Еще одна проблема тех, кто вырабатывает свой стиль и желает его сохранить, это издатель. Или – если точнее – редактор, корректор и вбитый издателем в голову “House Style”, который неизменно мешает попыткам соблюсти при помощи пунктуации нужный писателю ритм и темп. (Если он нарушен в одном предложении или абзаце, порой, грозит пойти прахом все здание романа. А поскольку темп зависит от длины – слов, предложения, абзаца, страницы и всего романа – то, в конечном итоге, и редактору не удается достичь вожделенной цели – сократить по максимуму.)

В моей профессиональной карьере борьба с издателями за сохранение ритма была самой большой трудностью. Любая ремарка корректора-недоучки, призванная притянуть текст к общепринятым нормам, сгладить острые углы в предложении или избавиться от повторений, мешает мне. Она либо нарушает ритм, над которым я столько трудился, либо заставляет хромать на обе ноги взятый мной темп, либо лишает текст моей индивидуальности, моего стиля. В 1927 году, спустя семьдесят пять лет после ожесточенных битв Флобера с редакторами, Уильям Фолкнер писал своим издателям в «Бони и Ливерайт»: «…Киньте редактору косточку либо умаслите его чем-нибудь. Он до смерти замучил мой текст знаками препинания, безвозмездно и сверх меры ссудив мне кавычек и запятых, которые мне совсем не нужны (sic)».  

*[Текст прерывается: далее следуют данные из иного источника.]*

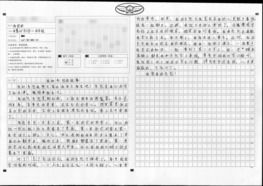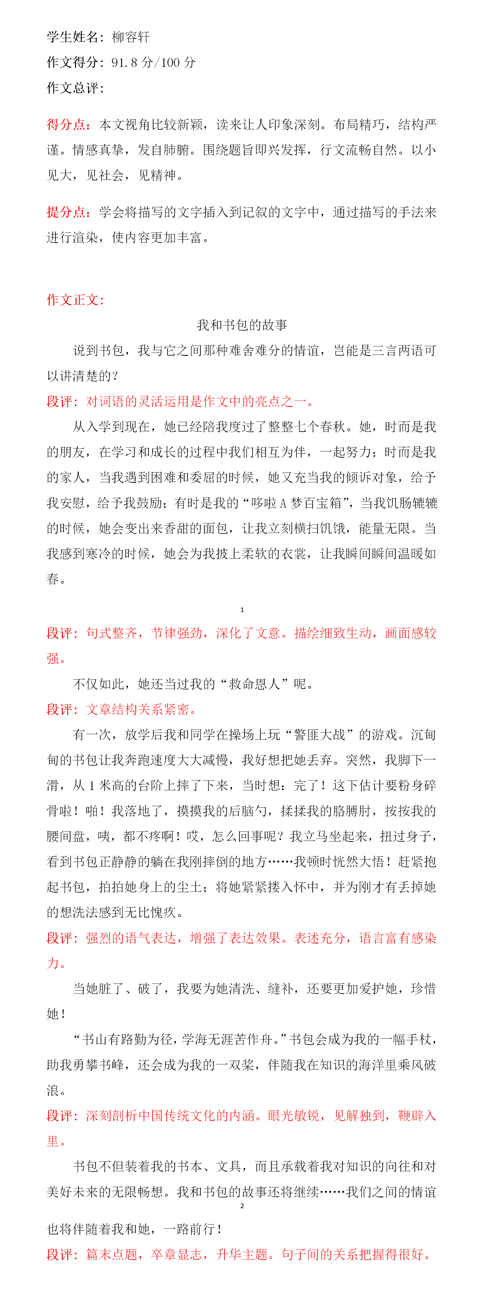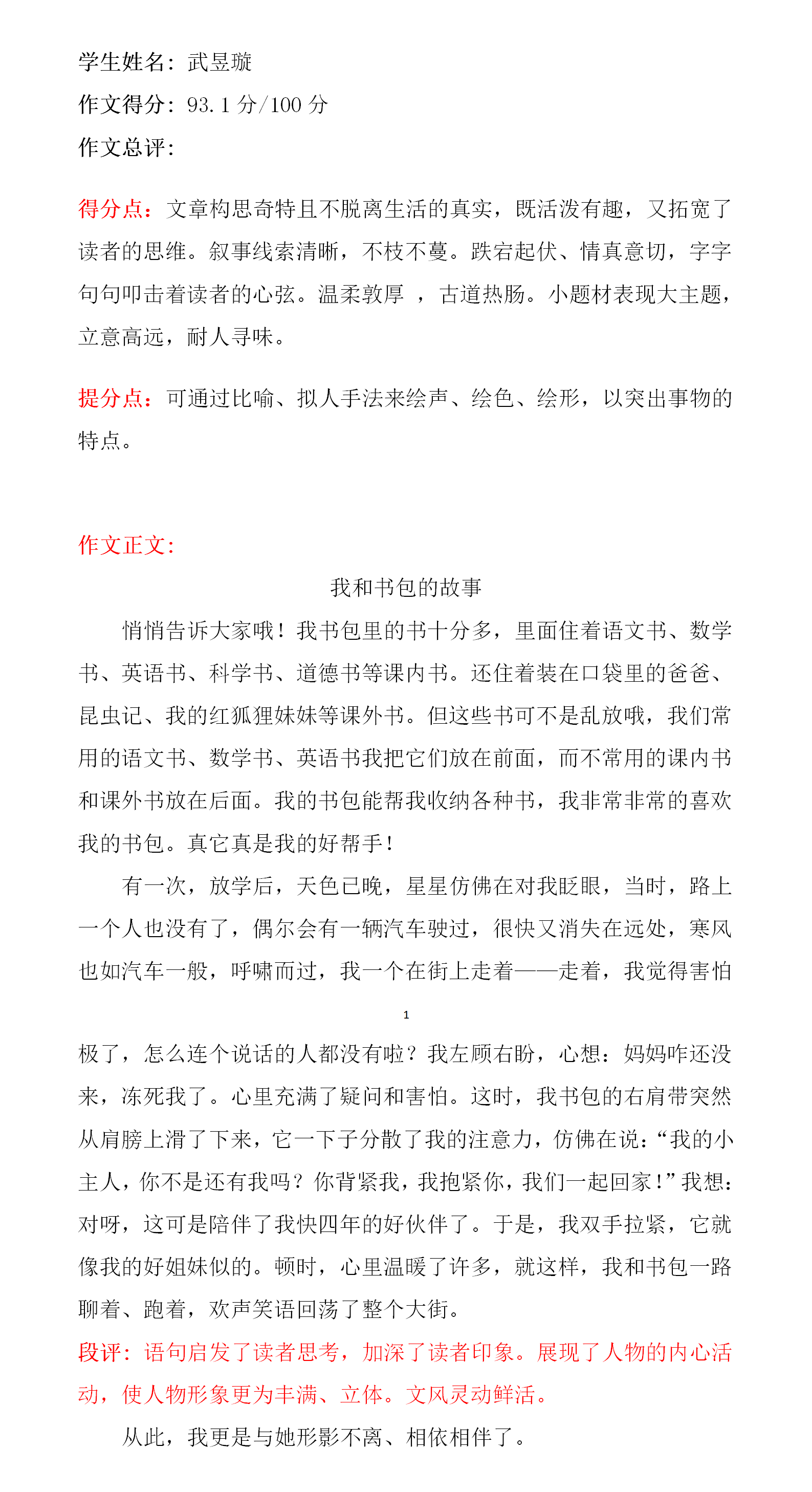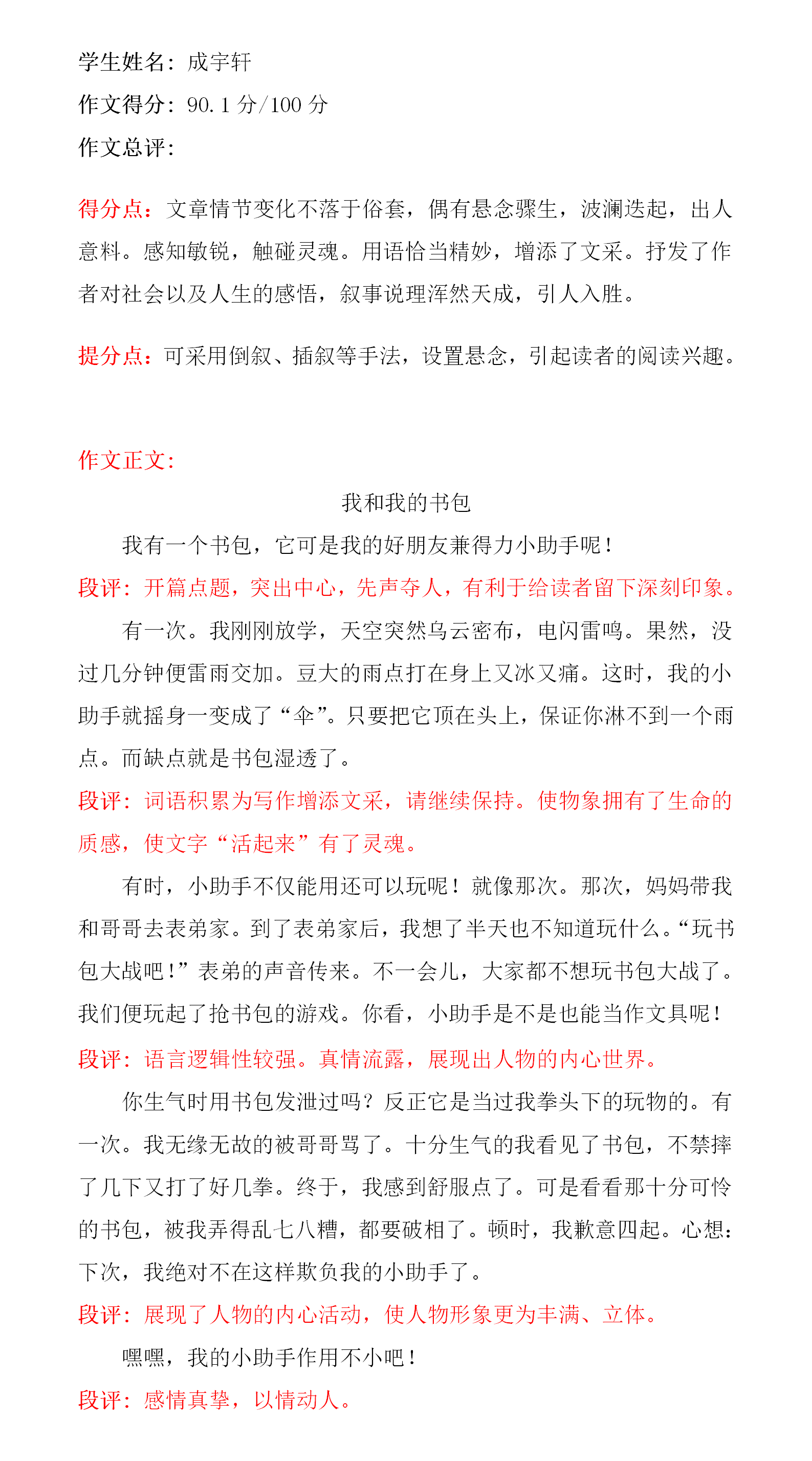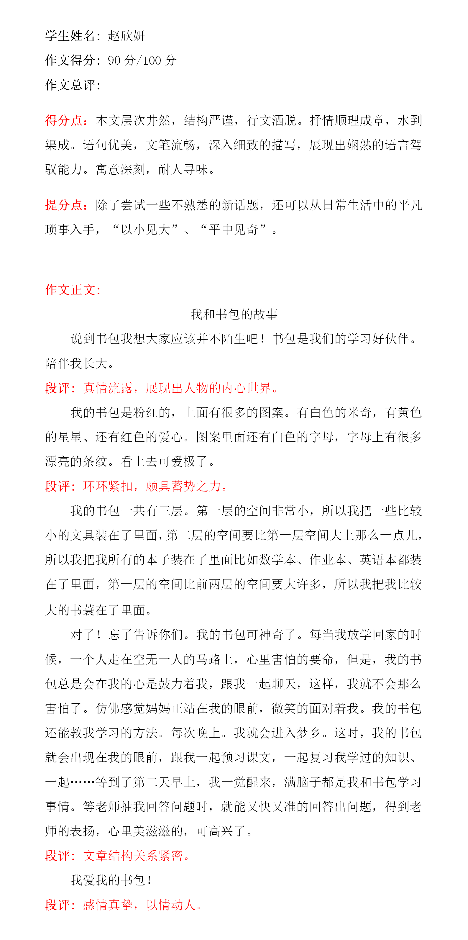 文章语言生动活泼,构思独特合理,符合儿童心理,从字里行间能让我们感受到她对书包的喜爱之情。你很擅长写作,文学功底也好,老师在这里希望你在未来的学习中,用心感受和品味生活,写出更加感人的好文章。

«Госпожа Бовари» была опубликована несколькими выпусками в «La Revue de Paris», где кресло редактора занимали Дю Кан, давний друг Флобера, и Лоран-Пеншан. Один беглый взгляд на запись Дю Кана, приложенную к издательским правкам, может заставить содрогнуться любого писателя: «Я отдал Вашу рукопись Лорану только с самыми лучшими рекомендациями. Мы, не сговариваясь, потянулись за пилой, чтобы подсократить текст… Я глубоко убежден, что если вы не последуете моим советам, то серьезно скомпрометируете себя, начав литературную карьеру со спутанной, громоздкой работы. Красот стиля недостаточно, чтобы удержать интерес читателя. Смелее, мой друг. Зажмурьтесь, пока идет операция, и доверьтесь нам. Я прошу этого отнюдь не потому, что считаю себя талантливым, но единственно ссылаясь на приобретенный нами в подобных вопросах опыт и на нашу симпатию к Вам. Вы похоронили роман под грудой всячины, красивой, но поверхностной».

Крайне сомнительно, чтобы Флобер был убежден советами зажмуриться, пока над ним орудуют пилой. Во-первых, писатель был сыном одного знаменитого хирурга и братом другого. А кроме того, одна из самых ужасных сцен в мировой литературе принадлежит именно страницам «Госпожи Бовари», когда супруг Эммы доктор Шарль, подзуживаемый женой, решается на глупую, халтурную операцию и окончательно калечит косолапого паренька, сначала выхолащивая его, а затем загоняя в могилу.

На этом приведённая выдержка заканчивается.